◆ **TASK GOAL**
All that is wanted is the exact lines from the one with "为更好的全面落实新农科发展建" through the last line of the entries, with both ends kept and every picture left out.

◆ **RECORDED INFORMATION**
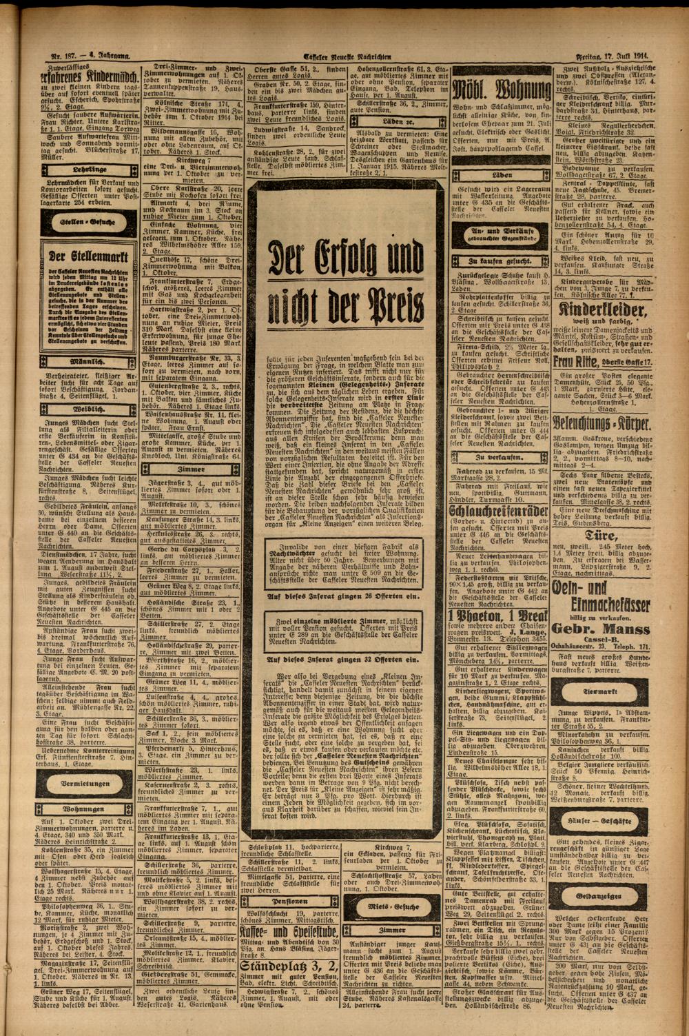 Casseler neueste Nachrichten. 1914-1918
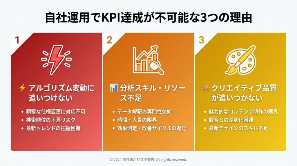 限界のリアル:なぜ「自社運用(内製)」でKPIを達成するのは不可能なのか?
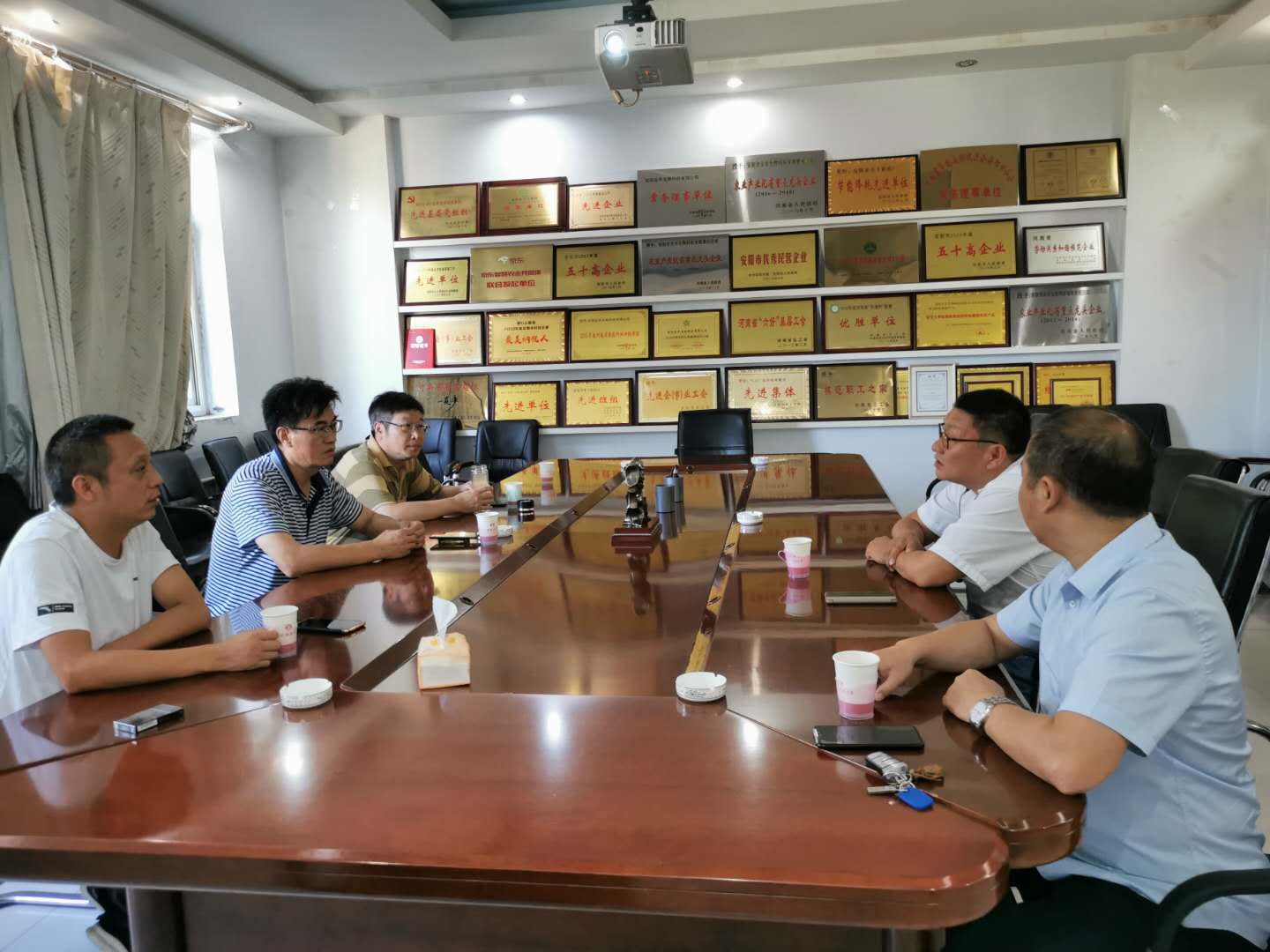 为更好的全面落实新农科发展建设,进一步推进协同育人强化行动,2020年8月31日-9月1日,副校长赵一鹏教授带领农学院党总支书记李传保、农学院院长尹健、植保教研室主任王国君一行,前往安阳全丰生物科技有限公司,就现代产业学院建设等进行考察交流,受到公司董事长王志国等领导的热烈欢迎,并在公司会议室组织召开了座谈会。
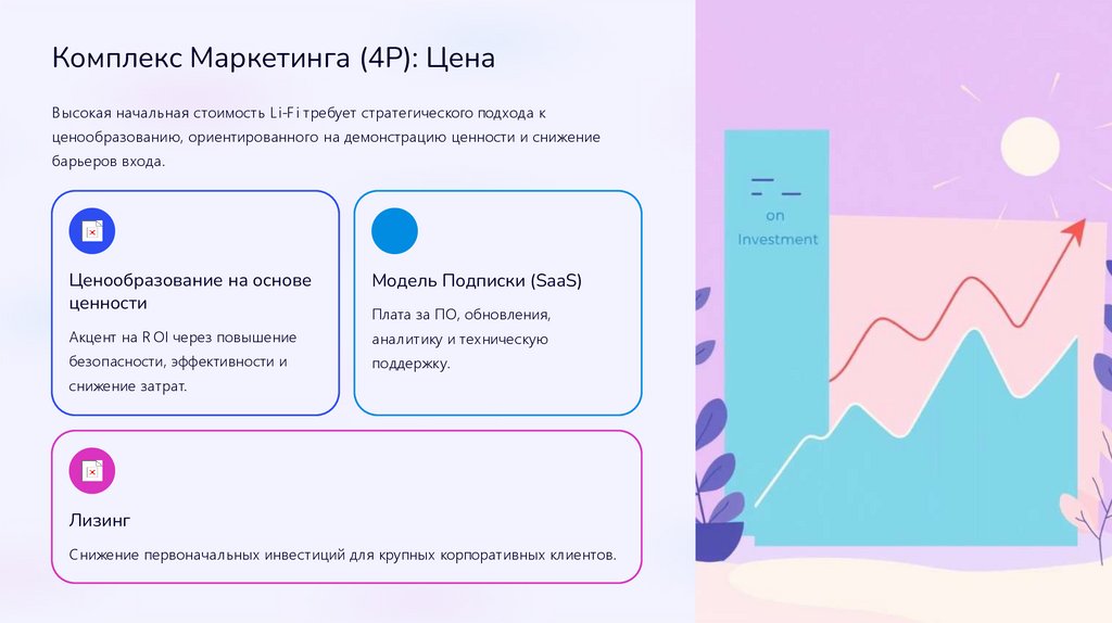 Комплекс Маркетинга (4P): ЦенаВысокая начальная стоимость Li-F i требует стратегического подхода к
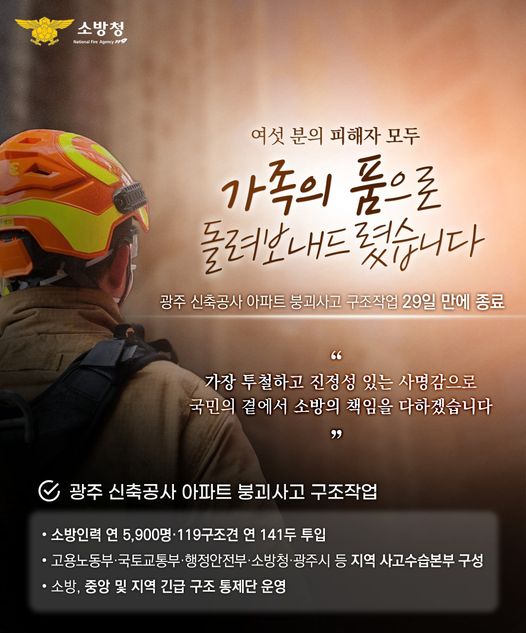 지난달 11일 발생한 ‘광주 아파트 붕괴사고’ 구조작업이 29일만인 2월 8일 종료됐습니다.

◆ **ANSWER FOR THIS EXERCISE**
 为更好的全面落实新农科发展建设,进一步推进协同育人强化行动,2020年8月31日-9月1日,副校长赵一鹏教授带领农学院党总支书记李传保、农学院院长尹健、植保教研室主任王国君一行,前往安阳全丰生物科技有限公司,就现代产业学院建设等进行考察交流,受到公司董事长王志国等领导的热烈欢迎,并在公司会议室组织召开了座谈会。
 Комплекс Маркетинга (4P): ЦенаВысокая начальная стоимость Li-F i требует стратегического подхода к
 지난달 11일 발생한 ‘광주 아파트 붕괴사고’ 구조작업이 29일만인 2월 8일 종료됐습니다.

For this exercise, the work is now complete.